FIG. 2 is a diagram illustrating a configuration example of a noise detection timing pulse generation circuit 1;

FIG. 3 is a diagram illustrating a configuration example of a noise detection circuit;

FIG. 4 is a diagram illustrating an example of an operation of the noise level determination circuit of the noise level determination circuit according to one embodiment of the present invention.

FIG. 5 shows a configuration example of a conventional noise level detection circuit.

FIG. 6 is a diagram for explaining a function of a hysteresis circuit.

[Explanation of symbols]

DESCRIPTION OF SYMBOLS 1 ... Noise detection timing pulse generation circuit, 2 ... Noise detection circuit, 3 ... Comparator, 4 ... Reference power supply, 5 ... Up / down counter circuit, 6 ... Discrimination circuit.

Claims (4)

[Claims] 1. A noise signal and a reference voltage signal are inputted,
A comparison circuit that outputs a comparison signal of a logic level according to a magnitude relationship between the level of the noise signal and the level of the reference voltage signal; and an up-count operation or a synchronization operation in accordance with the logic level in synchronization with a predetermined clock signal.
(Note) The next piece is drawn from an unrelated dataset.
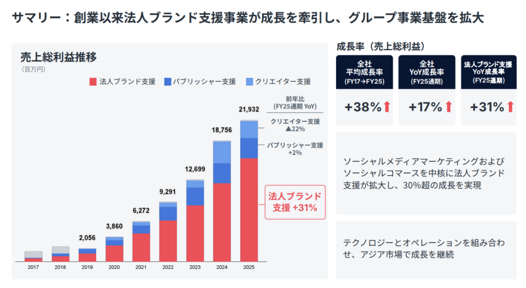 売上総利益の構成比も変化しており、2025年度は法人ブランド支援が全体の73%を占めるまでに拡大した。2024年度の65%からの急シフトだ。

An up-down counter circuit that performs a down-count operation and sequentially outputs a count value; and when the count value reaches a first count value or a second count value, the count value is compared with the first count value. And a determination circuit that outputs a return signal for returning to a reference count value between the count value and the reference value signal to the up / down counter circuit, and simultaneously outputs a determination signal for determining the level of the noise signal with respect to the level of the reference voltage signal. A noise level determining circuit. 2. The noise level discrimination circuit according to claim 1, wherein the up / down counter circuit does not perform a counting operation until the logical level of the comparison signal changes after the input of the return signal. 3. The noise level discrimination circuit according to claim 1, wherein the reference count value is a count value intermediate between the first count value and the second count value. 4. The comparison circuit includes a plurality of comparison circuits to which a noise signal and a reference voltage signal having different levels are respectively input, and the up / down counter circuit includes a comparison circuit that outputs a comparison signal output from each of the plurality of comparison circuits. A plurality of up / down counter circuits for performing a count operation on a signal, wherein the determination circuit determines a level of the noise signal based on a plurality of count values respectively output from the plurality of up / down counter circuits. 2. The noise level determination circuit according to 1.